On December 30, 2005, the Company informed the Trustee of its election to redeem the 2007 Notes in full (the “Redemption”) and irrevocably deposited in trust with the Trustee cash in an amount necessary to fully redeem the 2007 Notes (the “Redemption Fund”) pursuant to the Original Indenture as amended and supplemented by the Second Supplemental Indenture (as amended and supplemented, the “Indenture”). The Company also irrevocably instructed the Trustee to deliver, in accordance with the Original Indenture, notice to all holders of the 2007 Notes that all of the outstanding 2007 Notes will be redeemed on January 18, 2006 (the “Redemption Date”). The 2007 Notes not otherwise tendered to the Company pursuant to the Tender Offer and Consent Solicitation will be redeemed with funds from the Redemption Fund at a redemption price equal to 103.389% of the principal amount of 2007 Notes, plus accrued and unpaid interest through the Redemption Date, for a total redemption price of $1,066.13 per each $1,000.00 principal amount of 2007 Notes.
 
 
On December 30, 2005, upon the Company’s irrevocable funding of the redemption price for the 2007 Notes and certain other acts required by the Indenture, the Trustee certified in writing to the Company (the “Certificate of Satisfaction and Discharge”) that the Indenture was satisfied and discharged and shall have no further effect as of December 30, 2005, except for certain provisions relating to, among other things, the Trustee’s duties and obligations and the Company’s indemnification of the Trustee. In accordance with FASB Statement No. 140, Accounting for Transfers and Servicing of Financial Assets and Extinguishment of Liabilities, the Company intends to remove the 2007 Notes and the amount of the Redemption Fund held in trust by the Trustee from its balance sheet as of the date of receipt of the Certificate of Satisfaction and Discharge from the Trustee.
 
 
Item 3.03 Material Modifications to Rights of Security Holders.
 
 
The information set forth in Items 1.01 and 2.04 is incorporated by reference herein.
 
 
Item 9.01 Financial Statements and Exhibits.
 
 
(c) Exhibits.
 
 
Exhibit
Number         Description
 
 
4.1
Second Supplemental Indenture, dated as of December 30, 2005, among Omega Healthcare Investors, Inc. and Wachovia Bank, National Association, as trustee.
 
 
99.1
Press Release dated December 30, 2005.
 




 




SIGNATURES

Pursuant to the requirements of the Securities Exchange Act of 1934, the registrant has duly caused this report to be signed on its behalf by the undersigned thereunto duly authorized.

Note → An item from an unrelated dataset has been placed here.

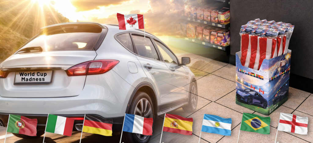 Affordable, high-visibility items tied to national pride and team spirit are easy add-ons, especially when placed near checkout or in compact promotional displays.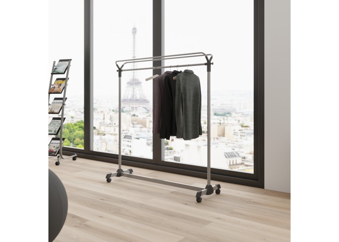 Diese mobile Garderobe mit großem Fassungsvermögen besteht aus einem oberen Fachboden, 2 Kunststoffhaken und 4 Rädern.

OMEGA HEALTHCARE INVESTORS, INC.
(Registrant)

Dated: January 5, 2006                 By: /s/ C. Taylor Pickett 
C. Taylor Pickett
President and Chief Executive Officer




 


EXHIBIT INDEX



 
Exhibit
Number           Description
 

 
4.1
Second Supplemental Indenture, dated as of December 30, 2005, among Omega Healthcare Investors, Inc. and Wachovia Bank, National Association, as trustee.
 
 
99.1
Press Release dated December 30, 2005.